[Data entries]
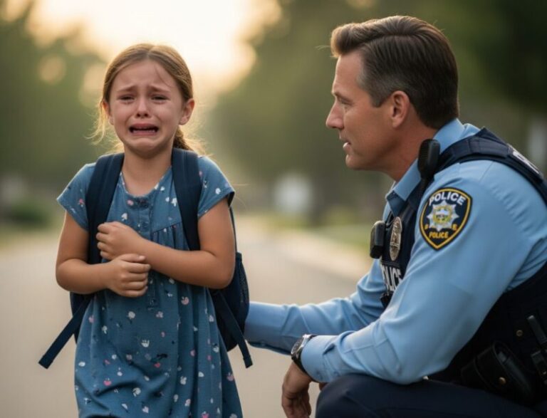 Après avoir parcouru plusieurs rues, elle distingue enfin deux fonctionnaires en mission de surveillance. Sans la moindre hésitation, elle se dirige résolument vers eux. L’officier perçoit instantanément son état de détresse : cette jeune fille, isolée et visiblement perturbée, n’est pas là par simple curiosité. Il s’avance avec délicatesse, mais l’enfant fond en larmes et se blottit contre lui.
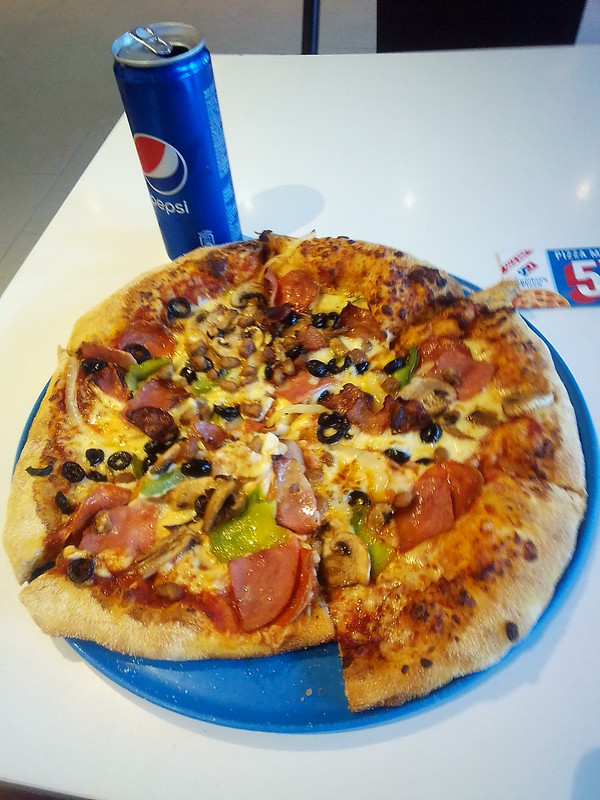 Yo el Dominos solo lo piso para pillar el come y bebe de 11 ñapos con panes de ajo y tiras de pollo de entrantes y a continuación todas las cremosas estilo bourbon que quepan en mi interior rellenando el cubo con ese agua chirla que llaman pepsi.
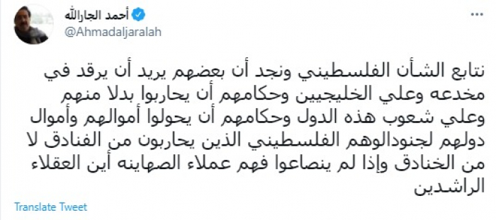 وقال في تغريدة عبر "تويتر" رصدها "المشهد العربي": "نتابع الشأن الفلسطيني ونجد أن بعضهم يريد أن يرقد في مخدعه وعلي الخليجيين وحكامهم أن يحاربوا بدلا منهم".
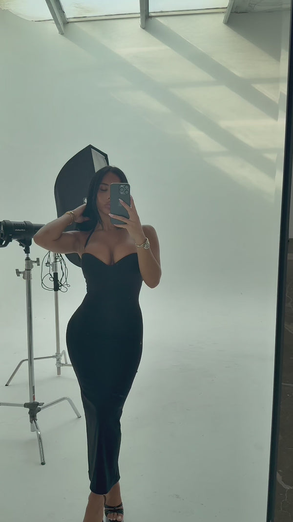 La Robe Sablier Gainante™️ épouse les formes avec une coupe ultra-cintrée qui creuse la taille et sculpte instantanément la silhouette. Sa matière gainante et épaisse lisse les courbes sans marquer, tandis que les baleines intégrées assurent un maintien parfait. La fente arrière et la longueur mi-longue ajoutent une touche chic et sensuelle.
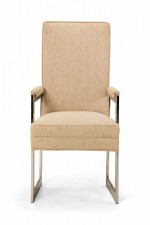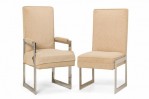 SET of 8 American Mid-Century dining chairs comprised of two armchairs and six side chairs upholstered in beige fabric with matching seat covers, and resting on square polished aluminum legs.(PACE COLLECTION)(PRICED AS SET)(Available individually: Armchairs: DUF0578A, Side Chairs: DUF0578B).
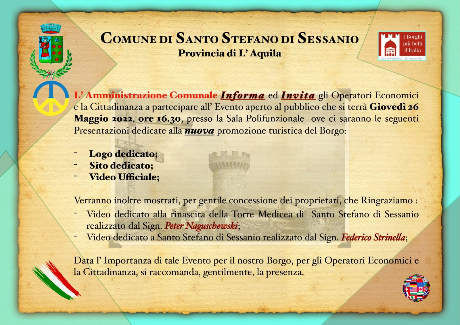 EVENTO PUBBLICO DEDICATO ALLA PRESENTAZIONE DELLA NUOVA PROMOZIONE TURISTICA DEL BORGO DI SANTO STEFANO DI SESSANIO
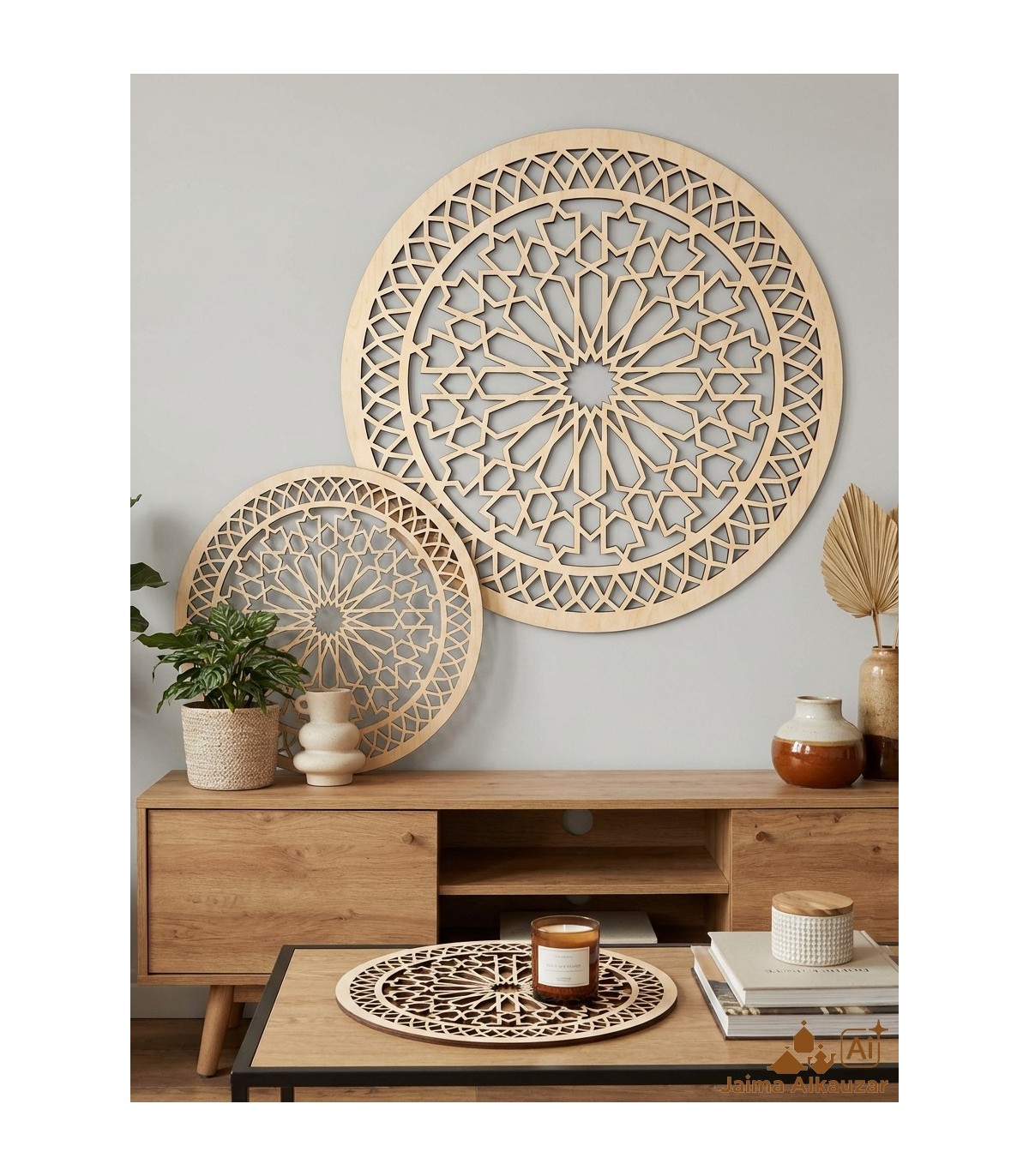 Verwandeln Sie Ihren Raum mit diesem exklusiven dekorativen Arabeskenbild, das aus Holz gefertigt und mit hochpräzisem Laserschnitt versehen ist. Das Dawar Modell bietet ein kompliziertes und elegantes Design, das die reiche Tradition der orientalischen und andalusischen Dekoration widerspiegelt und jedem Ambiente einen anspruchsvollen Touch verleiht. Sein einzigartiger Stil und seine detaillierten Details machen es zur perfekten Wahl, um den Stil Ihres Hauses zu verbessern. Ideal zum Aufstellen im Wohnzimmer, Esszimmer oder Flur, wird dieses dekorative Element eine warme und exotische Atmosphäre in Ihrem Zuhause schaffen.

Assignment
Set down exactly the lines from the start of the records through the line containing "وقال في تغريدة", both included, and omit the pictures.

Task result
 Après avoir parcouru plusieurs rues, elle distingue enfin deux fonctionnaires en mission de surveillance. Sans la moindre hésitation, elle se dirige résolument vers eux. L’officier perçoit instantanément son état de détresse : cette jeune fille, isolée et visiblement perturbée, n’est pas là par simple curiosité. Il s’avance avec délicatesse, mais l’enfant fond en larmes et se blottit contre lui.
 Yo el Dominos solo lo piso para pillar el come y bebe de 11 ñapos con panes de ajo y tiras de pollo de entrantes y a continuación todas las cremosas estilo bourbon que quepan en mi interior rellenando el cubo con ese agua chirla que llaman pepsi.
 وقال في تغريدة عبر "تويتر" رصدها "المشهد العربي": "نتابع الشأن الفلسطيني ونجد أن بعضهم يريد أن يرقد في مخدعه وعلي الخليجيين وحكامهم أن يحاربوا بدلا منهم".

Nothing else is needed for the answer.